In her work with the Rutgers chapter of the National Association for the Advancement of Colored People (NAACP), Taliaferro helped to organize the first rally against racism and for Black solidarity in four years on campus, demanding equal treatment across all student demographics

Taliaferro also served as co-president of Student -Organized Rutgers Against Hunger (SO RAH), working with local farms, food banks, and soup kitchens, to feed the community and to educate students on food insecurity. In her Pride Award application, Taliaferro noted that 30 percent of college students are food insecure.

For 18 months, Taliaferro served as a career prep fellow in the Management Leadership for Tomorrow (MLT) program, traveling to Dallas and Minneapolis in 2019, before the pandemic hit. 

“At each of our conferences we had the ability to demonstrate our analytical skills through case studies, our leadership through small and large group roundtables, and most importantly, become a family while having representatives from the top companies in the world interacting and leading our sessions,” she said. “The deeper meaning, I see, behind supporting and fueling students of color is building up an army full of diversity of thought. Throughout my time in MLT, I was the only fellow on behalf of Rutgers New Brunswick in my cohort.”

As a student, Taliaferro completed internships at GlaxoSmithKline, Corning Inc., and United Parcel Service. Some of her non-business interests include being a “world traveler (17+ countries traveled), avid concert goer, and passionate New York City foodie.”
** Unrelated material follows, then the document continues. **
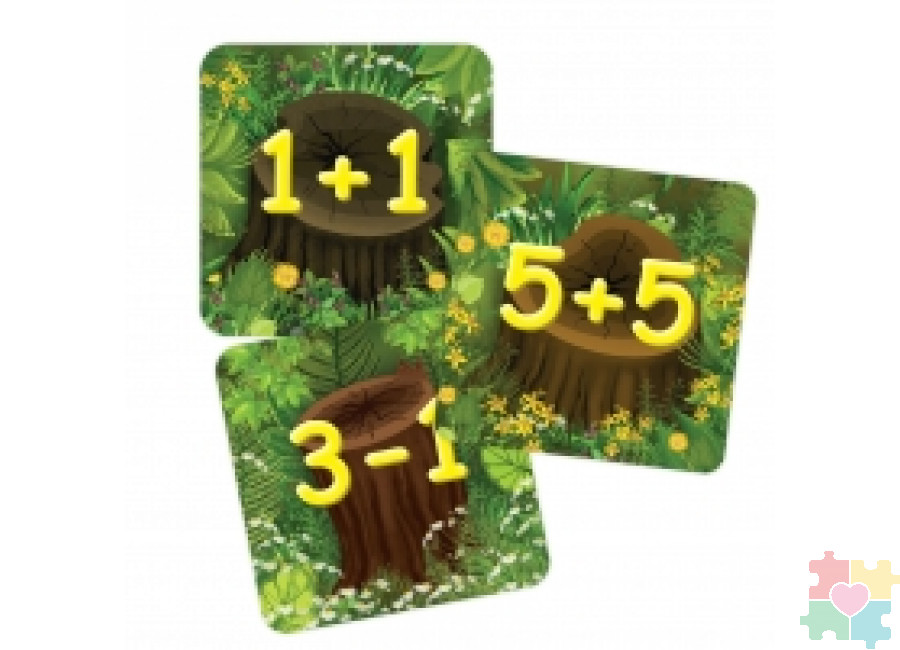 Красочный и яркий набор, состоящий из обучающих карточек, которые помогут Вам научить ребенка сложению и вычитанию без усилий и с легкостью! Начальная математика как правило даётся детям непросто. Но если обучать играя, то ребенок точно получит все необходимые знания. Карточки — это пеньки, по которым малыш должен добраться до секретного персонажа, затаившегося в лесной чаще. Чтобы «пройти пенек», ребенку необходимо верно решить примеры на карточках. Важно не показывать карточку с тайным персонажем, чтобы у малыша был интерес играть дальше. Игра очень гибкая, и подойдет как для деток, которые только начинают осваивать числа, так и для тех, кто уже хорошо умеет решать примеры. На одной стороне каждой карточки расположен пример, где нужно сложить цифры, а на другой отнять. Чтобы начать игру, нужно положить загадочную карточку с призом вверх знаком вопроса, так ребенок не будет знать, кого ему нужно найти. Далее просто выберете карточки с теми примерами, которые нужно решить малышу. Теперь объясните ребенку, что ему нужно выкладывать карточки от края стола к центру. В конце концов он дойдет до загадочной карточки и будет знать, что победил! Когда ребенок освоится, он может решать примеры сразу на обеих сторонах карточек. А также отбирать карточки, на которых в итоге решения примера получаются одинаковые числа.

Since August 2021 Taliaferro has worked as an associate product manager at Visa Inc. in the San Francisco area. 

“I have always been passionate about creating healthy communities throughout my life and college career, championing inclusion efforts, and giving back,” she wrote in her Pride Award essay. “I would love to bring my activism efforts into corporate America to leverage the social responsibility of large institutions.”